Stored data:
------------------------------------------------------------------------

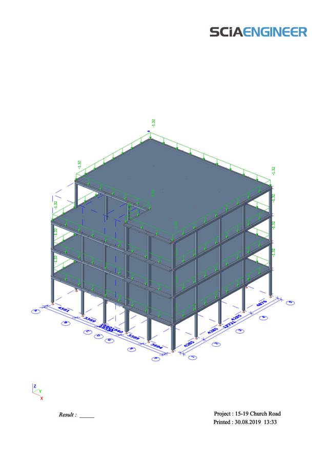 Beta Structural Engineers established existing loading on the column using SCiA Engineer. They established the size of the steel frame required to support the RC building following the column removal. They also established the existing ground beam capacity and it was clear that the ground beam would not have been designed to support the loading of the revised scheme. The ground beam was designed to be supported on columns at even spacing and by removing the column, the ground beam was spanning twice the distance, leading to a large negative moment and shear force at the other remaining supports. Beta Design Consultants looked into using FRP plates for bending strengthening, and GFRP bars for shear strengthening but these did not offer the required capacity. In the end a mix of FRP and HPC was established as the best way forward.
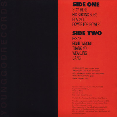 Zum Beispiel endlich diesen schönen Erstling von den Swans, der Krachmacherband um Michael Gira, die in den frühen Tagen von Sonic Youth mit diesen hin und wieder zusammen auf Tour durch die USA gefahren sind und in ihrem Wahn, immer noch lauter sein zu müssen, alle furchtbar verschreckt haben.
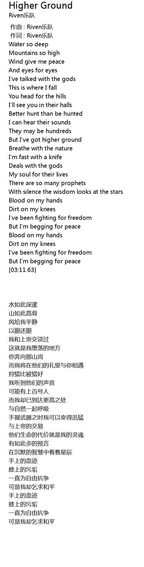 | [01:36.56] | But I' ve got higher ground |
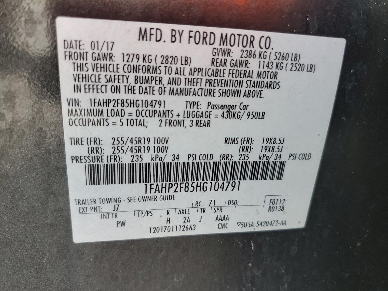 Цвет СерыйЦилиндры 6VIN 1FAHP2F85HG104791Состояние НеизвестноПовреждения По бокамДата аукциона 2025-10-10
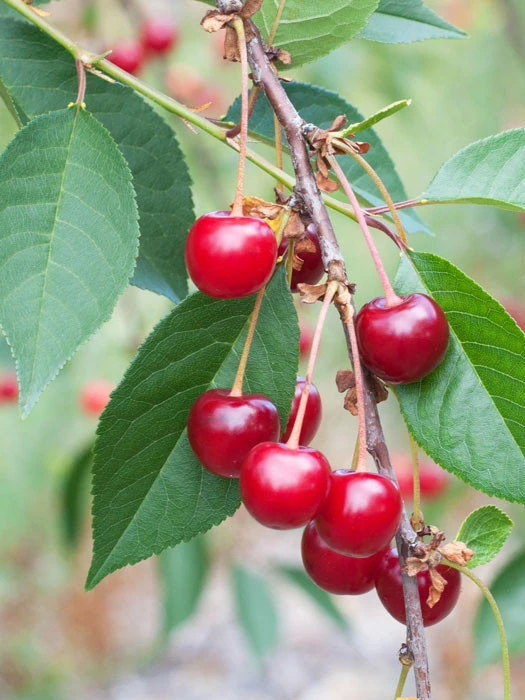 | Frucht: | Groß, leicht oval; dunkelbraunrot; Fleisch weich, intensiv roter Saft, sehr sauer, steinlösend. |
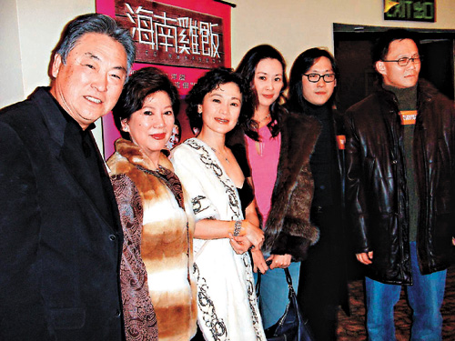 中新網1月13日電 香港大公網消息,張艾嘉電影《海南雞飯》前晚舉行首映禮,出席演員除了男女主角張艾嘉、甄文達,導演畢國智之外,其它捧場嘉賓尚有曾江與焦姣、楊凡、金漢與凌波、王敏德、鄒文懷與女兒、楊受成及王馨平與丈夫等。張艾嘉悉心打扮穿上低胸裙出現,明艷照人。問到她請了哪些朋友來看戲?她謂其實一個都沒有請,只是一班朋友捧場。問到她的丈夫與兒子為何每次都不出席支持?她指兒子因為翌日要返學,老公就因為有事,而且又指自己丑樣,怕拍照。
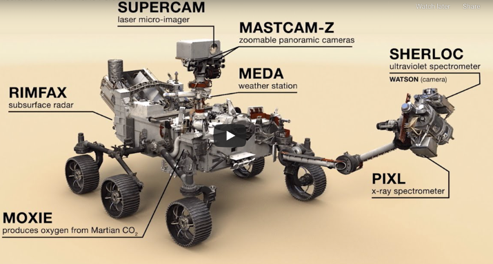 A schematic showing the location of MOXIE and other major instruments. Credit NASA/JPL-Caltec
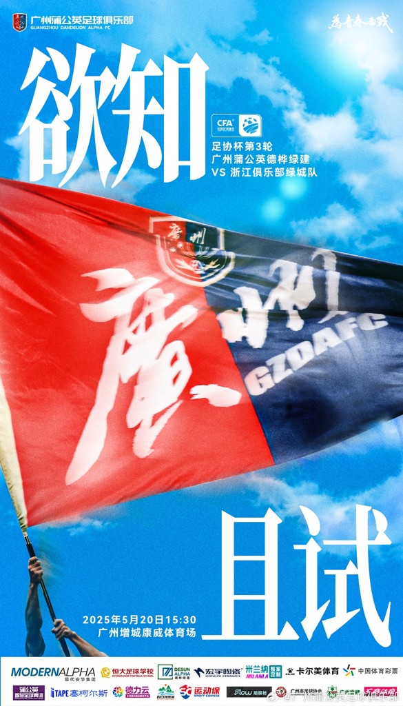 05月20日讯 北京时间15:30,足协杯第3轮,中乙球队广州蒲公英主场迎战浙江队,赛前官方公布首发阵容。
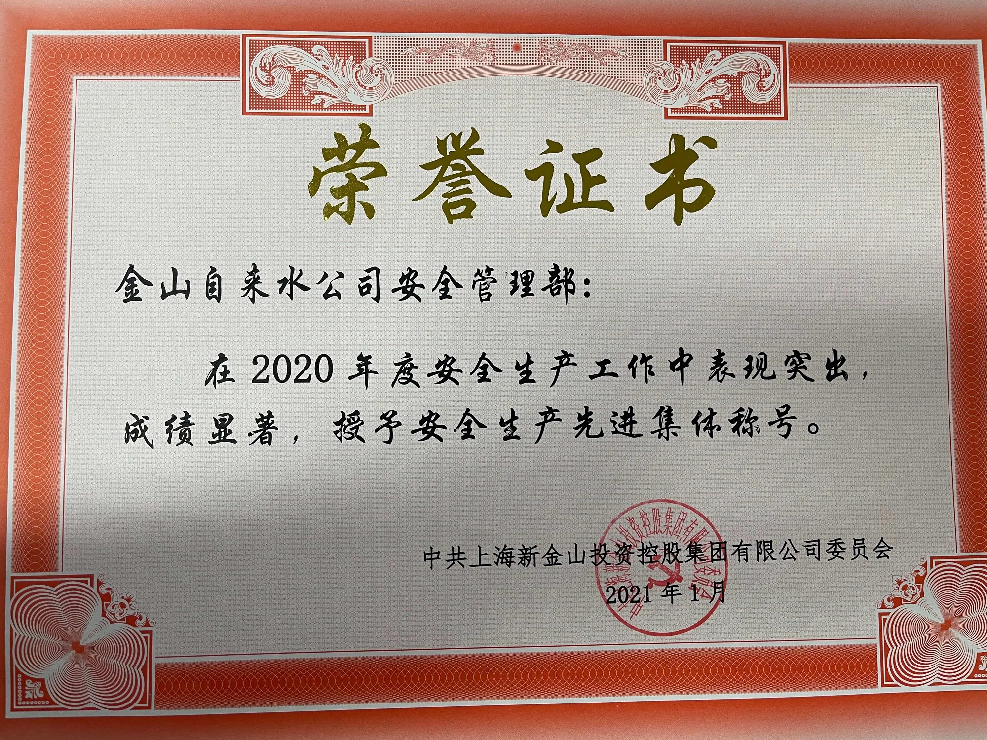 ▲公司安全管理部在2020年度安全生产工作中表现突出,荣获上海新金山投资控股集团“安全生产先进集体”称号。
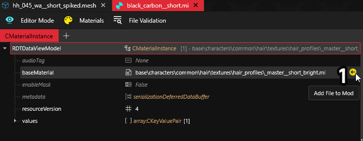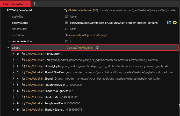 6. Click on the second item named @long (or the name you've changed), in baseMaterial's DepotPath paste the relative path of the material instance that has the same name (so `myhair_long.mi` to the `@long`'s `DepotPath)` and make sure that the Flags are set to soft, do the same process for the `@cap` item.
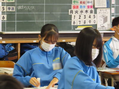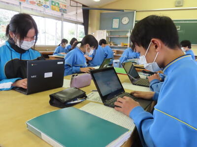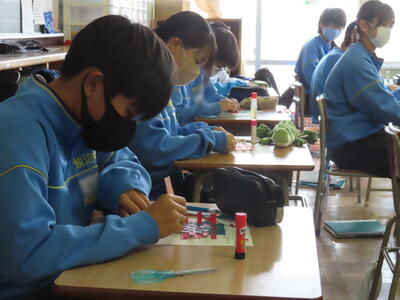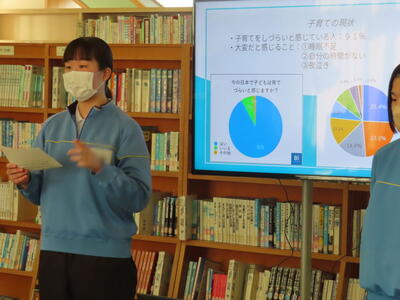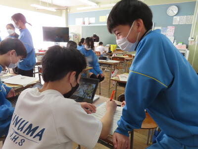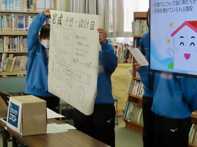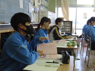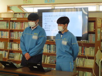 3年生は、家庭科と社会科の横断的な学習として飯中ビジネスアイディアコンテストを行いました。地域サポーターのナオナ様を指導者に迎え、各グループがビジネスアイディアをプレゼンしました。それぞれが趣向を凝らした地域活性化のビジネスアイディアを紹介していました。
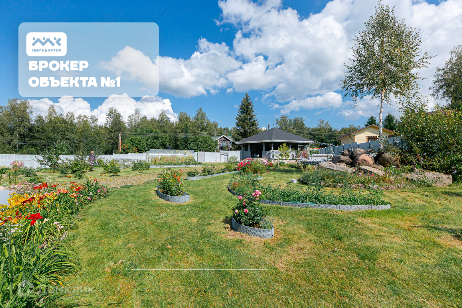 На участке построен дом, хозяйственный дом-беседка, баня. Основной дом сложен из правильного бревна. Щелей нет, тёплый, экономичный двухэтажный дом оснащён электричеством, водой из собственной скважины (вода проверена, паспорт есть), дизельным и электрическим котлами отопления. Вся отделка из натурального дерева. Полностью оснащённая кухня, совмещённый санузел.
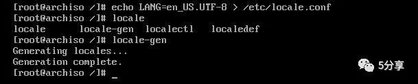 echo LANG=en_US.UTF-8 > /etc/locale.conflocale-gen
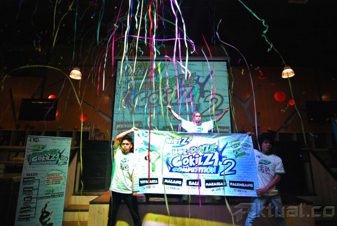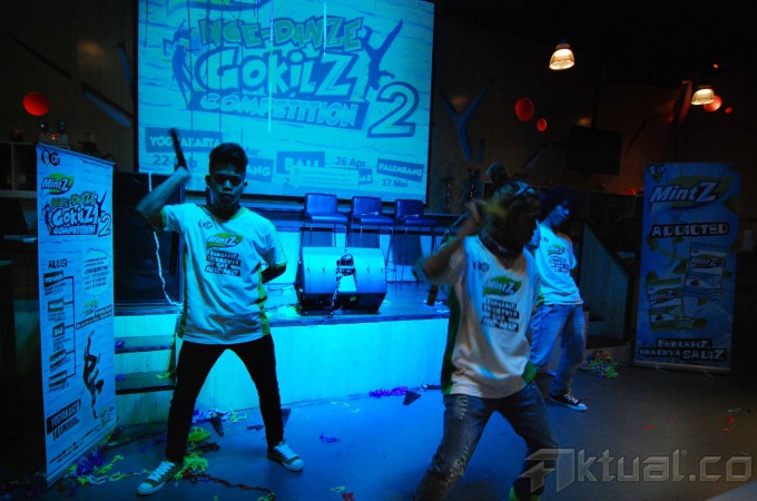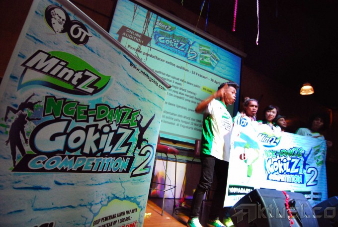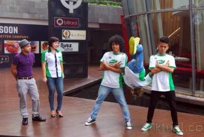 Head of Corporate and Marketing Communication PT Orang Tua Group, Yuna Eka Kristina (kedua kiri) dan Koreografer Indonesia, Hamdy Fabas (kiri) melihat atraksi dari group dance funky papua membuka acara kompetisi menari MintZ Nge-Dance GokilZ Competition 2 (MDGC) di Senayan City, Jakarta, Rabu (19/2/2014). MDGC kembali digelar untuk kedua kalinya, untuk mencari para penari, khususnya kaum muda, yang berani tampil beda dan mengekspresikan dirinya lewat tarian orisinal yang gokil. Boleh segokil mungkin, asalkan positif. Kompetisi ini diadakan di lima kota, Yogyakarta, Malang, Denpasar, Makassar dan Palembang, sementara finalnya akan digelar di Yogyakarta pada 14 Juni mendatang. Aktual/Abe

------------------------------------------------------------------------

**Work required**. Output exactly the lines above, from the line with "05月20日讯 北京时间15" to the line with "3年生は、家庭科と社会科の横", both included; skip the pictures.

**Answer for this exercise**.
 05月20日讯 北京时间15:30,足协杯第3轮,中乙球队广州蒲公英主场迎战浙江队,赛前官方公布首发阵容。
 ▲公司安全管理部在2020年度安全生产工作中表现突出,荣获上海新金山投资控股集团“安全生产先进集体”称号。
 6. Click on the second item named @long (or the name you've changed), in baseMaterial's DepotPath paste the relative path of the material instance that has the same name (so `myhair_long.mi` to the `@long`'s `DepotPath)` and make sure that the Flags are set to soft, do the same process for the `@cap` item.
 3年生は、家庭科と社会科の横断的な学習として飯中ビジネスアイディアコンテストを行いました。地域サポーターのナオナ様を指導者に迎え、各グループがビジネスアイディアをプレゼンしました。それぞれが趣向を凝らした地域活性化のビジネスアイディアを紹介していました。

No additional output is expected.